Они несколько отошли к окну и рассматривали янтарное ожерелье из желтых огней побережья, которые придавали мертвому, покрытому льдом озеру серый, темноватый цвет бальзамированной мумии.

- Энрико прогулял свою жизнь, - кивнул головой отец. - Я дал ему средства на царскую роскошь... К несчастью для него, я любил его меньше, чем тебя...

Это было странное утверждение, однако отец сделал вид, что не заметил сыновьего удивления. «Напрасно стараешься побудить силы природы растопить лед до срока», - вновь услышал Марио уговаривающий внутренний голос.

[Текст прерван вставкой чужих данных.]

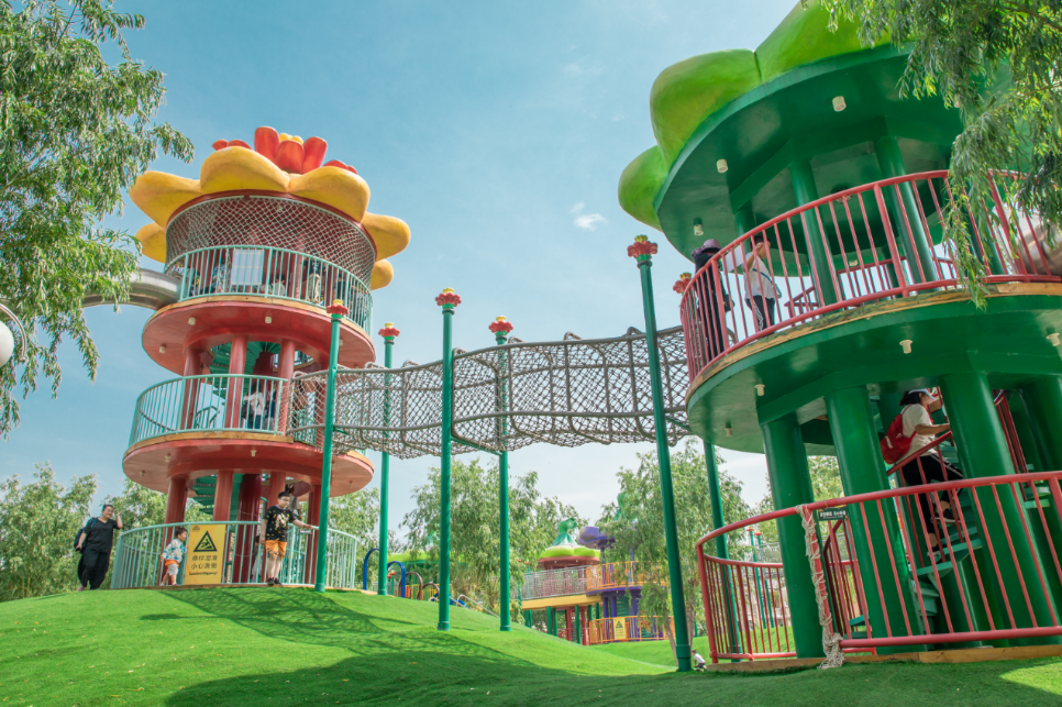 从进园开始,精神堡垒及周边花坛、探险部落、滑草场··· ···走一路,气球就会伴随你一路哦!

На следующий уик-энд он вновь покинул снега Нью-Йорка и консервированный комфорт «Плазы» для встречи с отцом в Лос-Анджелесе. Самолет прибыл поздно вечером, и когда, очертив большой круг, он оставил позади темный хаос океана стало видно, как вдали сияет подобно освещенной стороне луны, серебряный отблеск города. Город казался сверхъестественным в ширину и маленьким, атрофическим в высоту, напоминая ровный луг, поросший полевыми цветами американской электрической флоры - мириады маков из неона и половодье зелено-желтых ромашек фторовых ламп.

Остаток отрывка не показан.